The form bearing appellant's request for counsel and the court's appointment was filed with the district clerk but never offered into evidence. Nevertheless, appellant brought the form to the attention of the court during trial and the State refers to it extensively in its brief to this Court. Because the truth of the content of the form can be readily ascertained from the district clerk's office, we grant the State's request to take judicial notice of the form. See TEX. R. EVID. 201(b)(2) (allowing a court to take judicial notice of a fact that is not subject to reasonable dispute because it "can be accurately and readily determined from sources whose accuracy cannot be reasonably questioned").

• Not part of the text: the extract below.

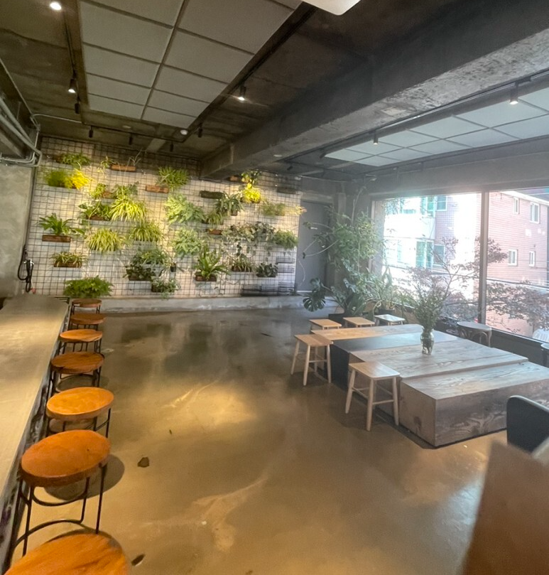 벽이나 실내 공간에 초록색 식물들이 장식되어 있어 삭막한 도심 속에서 힐링할 수 있는 장소로 연출되었습니다.

Appellant appeared before the grand jury on July 20, 2015. It is undisputed that he was not accompanied by his counsel and did not consult with him beforehand. A prosecutor admonished appellant regarding his rights orally and in writing as required by statute. See id. art. 20.17 (West, Westlaw through 2017 R.S.) (describing how a suspect or accused person should be questioned by a grand jury). The prosecutor asked appellant whether he wanted to waive his rights and testify before the grand jury. Appellant agreed and said: "I want to answer questions." The prosecutor gave appellant a written version of the admonishments, went through each one with him again, and told appellant to sign at the bottom of the form if he wished to waive his rights and testify. The waiver form is not part of the record, but appellant subsequently testified regarding the events leading to his arrest. The grand jury returned an indictment charging appellant with two counts of assault involving family violence.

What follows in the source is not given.